Jakarta, FORTUNE - Beberapa bulan lalu Samsung Electronics tampak siap meraup keuntungan dari ledakan global kecerdasan buatan (AI): keuntungan melonjak dan harga sahamnya hampir mencapai rekor tertinggi.
Namun, kini perusahaan terbesar Korea Selatan ini menjadi contoh nyata betapa cepatnya keberuntungan bisa berubah. Sebab di industri teknologi, mutlak keuntungan diraih oleh mereka yang mempertahankan keunggulan.
Kini Samsung semakin khawatir tertinggal dari pesaing kecilnya, SK Hynix, dalam memori AI, dan gagal mengejar Taiwan Semiconductor Manufacturing Company (TSMC) dalam produksi chip outsourcing, saham Samsung anjlok 32 persen sejak puncaknya pada 9 Juli 2024.

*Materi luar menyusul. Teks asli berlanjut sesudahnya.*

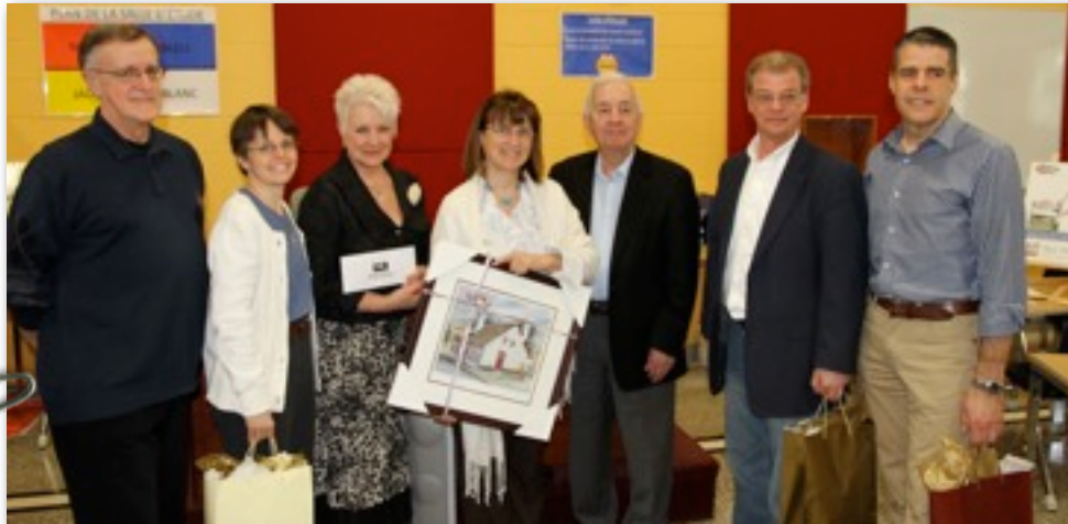
Gagnants des prix de présence lors du brunch-bénéfice en compagnie de l'historien Jacques Lacoursière

Dalam rentang waktu tersebut, perusahaan telah kehilangan nilai pasar sebesar US$122 miliar atau setara Rp1.891 triliun, lebih banyak daripada perusahaan cip lainnya di seluruh dunia. Demikian dilaporkan Bloomberg.
Samsung berjanji untuk melakukan perombakan agar kembali kompetitif. Namun, manajer dana internasional, termasuk Pictet Asset Management dan Janus Henderson Investors, belum yakin bahwa perbaikan ini akan segera terjadi.
Investor luar negeri telah menjual saham Samsung senilai sekitar US$10,7 miliar secara bersih sejak akhir Juli. “Kami telah mengurangi posisi kami di Samsung lebih dari setengahnya selama beberapa bulan terakhir — sebelumnya ini adalah posisi terbesar dalam strategi kami pada bulan Juli,” ujar Sat Duhra, manajer portofolio di Janus Henderson Investors di Singapura. Meskipun Duhra mengatakan bahwa valuasi saham sekarang menarik, ia "tidak berniat" untuk membelinya saat ini.